▶ _PROVIDED MATERIAL_
______

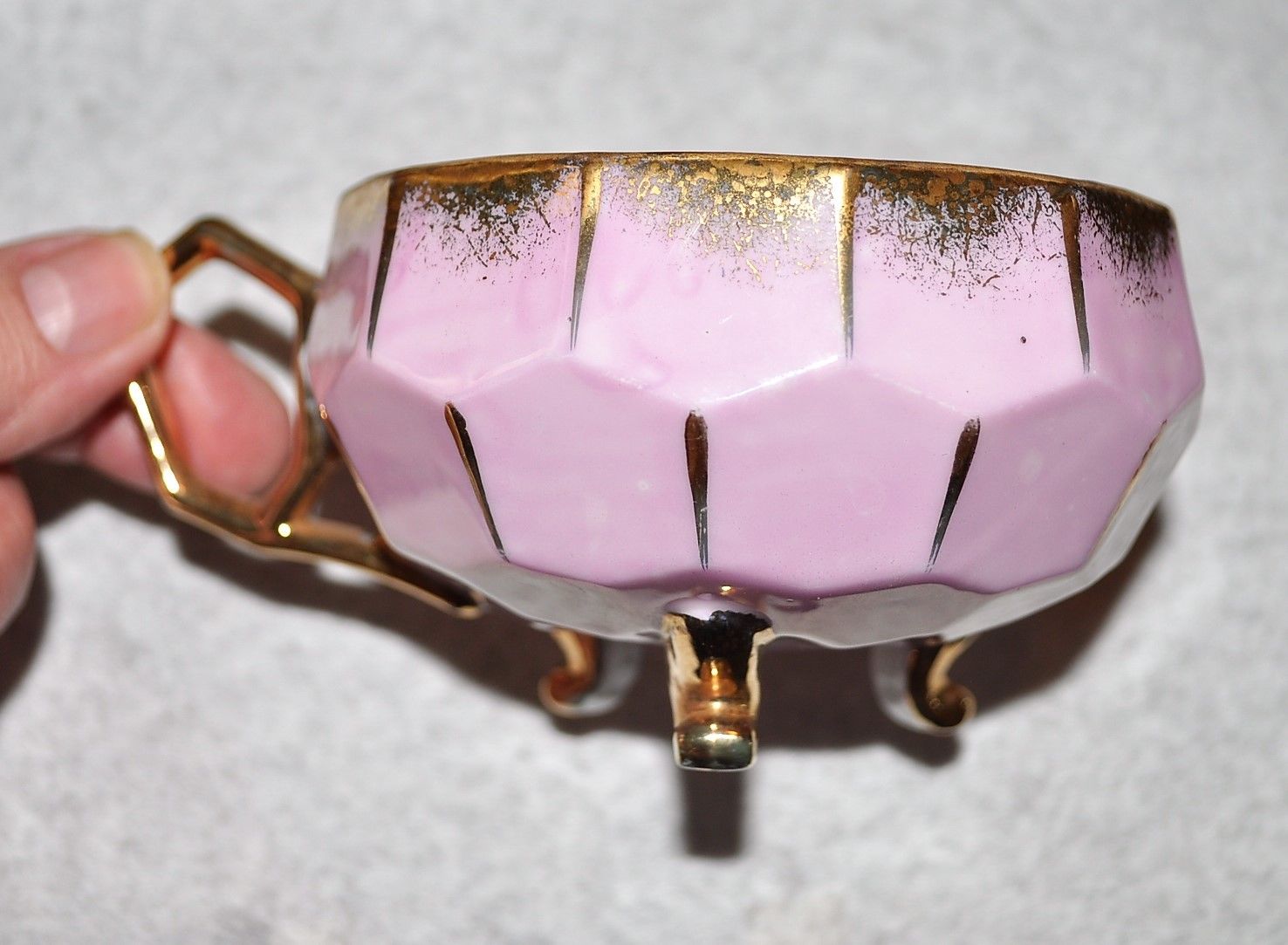 Title (ebay affiliate link): Delicate Bone China Hand Painted Retro Tea Cup In Pink & Gold Leaf footed 1950''s
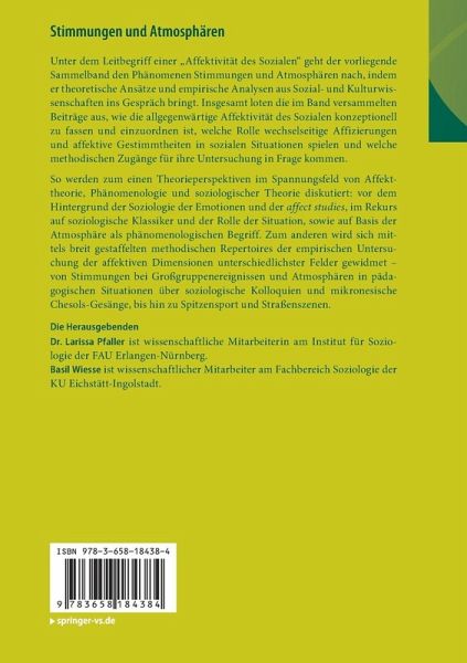 So werden zum einen Theorieperspektiven im Spannungsfeld von Affekttheorie, Phänomenologie und soziologischer Theorie diskutiert: vor dem Hintergrund der Soziologie der Emotionen und der affect studies, im Rekurs auf soziologische Klassiker und der Rolle der Situation, sowie auf Basis der Atmosphäre als phänomenologischen Begriff. Zum anderen wird sich mittels breit gestaffelten methodischen Repertoires der empirischen Untersuchung der affektiven Dimensionen unterschiedlichster Felder gewidmet - von Stimmungen bei Großgruppenereignissen und Atmosphären in pädagogischen Situationen über soziologische Kolloquien und mikronesische Chesols-Gesänge, bis hin zu Spitzensport und Straßenszenen.
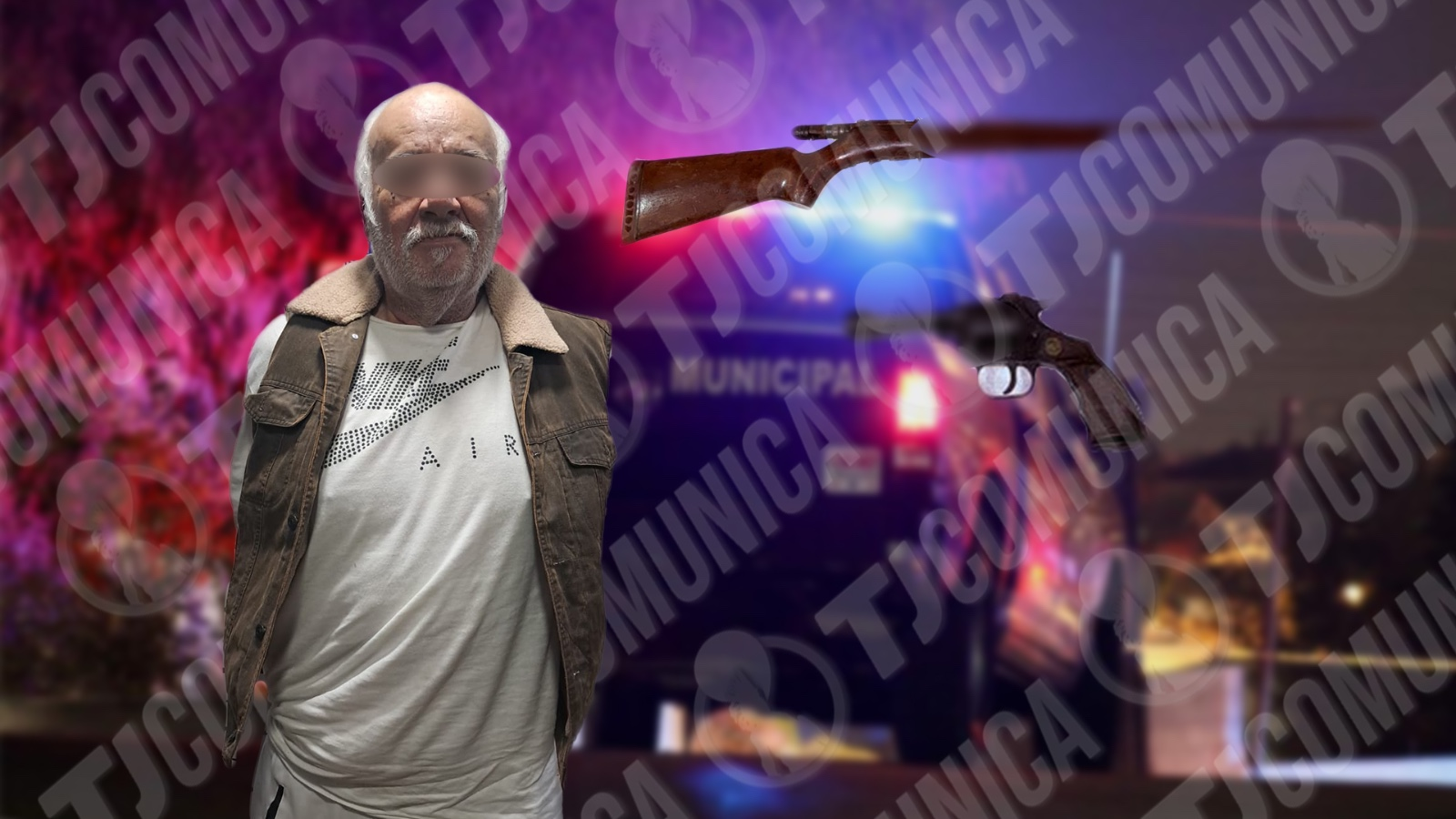 Ante la situación, los agentes procedieron a intervenir y aseguraron a quien fue identificado como Arturo Bañuelos Martínez, de 68 años de edad. Durante la revisión, se le localizaron un revólver calibre .22 abastecido con cartuchos útiles, así como una escopeta calibre 12 sin municiones.

______

▶ _WORK INSTRUCTION_
Pictures are to be dropped, and the remaining data set down exactly.

▶ _EXERCISE OUTPUT_
 Title (ebay affiliate link): Delicate Bone China Hand Painted Retro Tea Cup In Pink & Gold Leaf footed 1950''s
 So werden zum einen Theorieperspektiven im Spannungsfeld von Affekttheorie, Phänomenologie und soziologischer Theorie diskutiert: vor dem Hintergrund der Soziologie der Emotionen und der affect studies, im Rekurs auf soziologische Klassiker und der Rolle der Situation, sowie auf Basis der Atmosphäre als phänomenologischen Begriff. Zum anderen wird sich mittels breit gestaffelten methodischen Repertoires der empirischen Untersuchung der affektiven Dimensionen unterschiedlichster Felder gewidmet - von Stimmungen bei Großgruppenereignissen und Atmosphären in pädagogischen Situationen über soziologische Kolloquien und mikronesische Chesols-Gesänge, bis hin zu Spitzensport und Straßenszenen.
 Ante la situación, los agentes procedieron a intervenir y aseguraron a quien fue identificado como Arturo Bañuelos Martínez, de 68 años de edad. Durante la revisión, se le localizaron un revólver calibre .22 abastecido con cartuchos útiles, así como una escopeta calibre 12 sin municiones.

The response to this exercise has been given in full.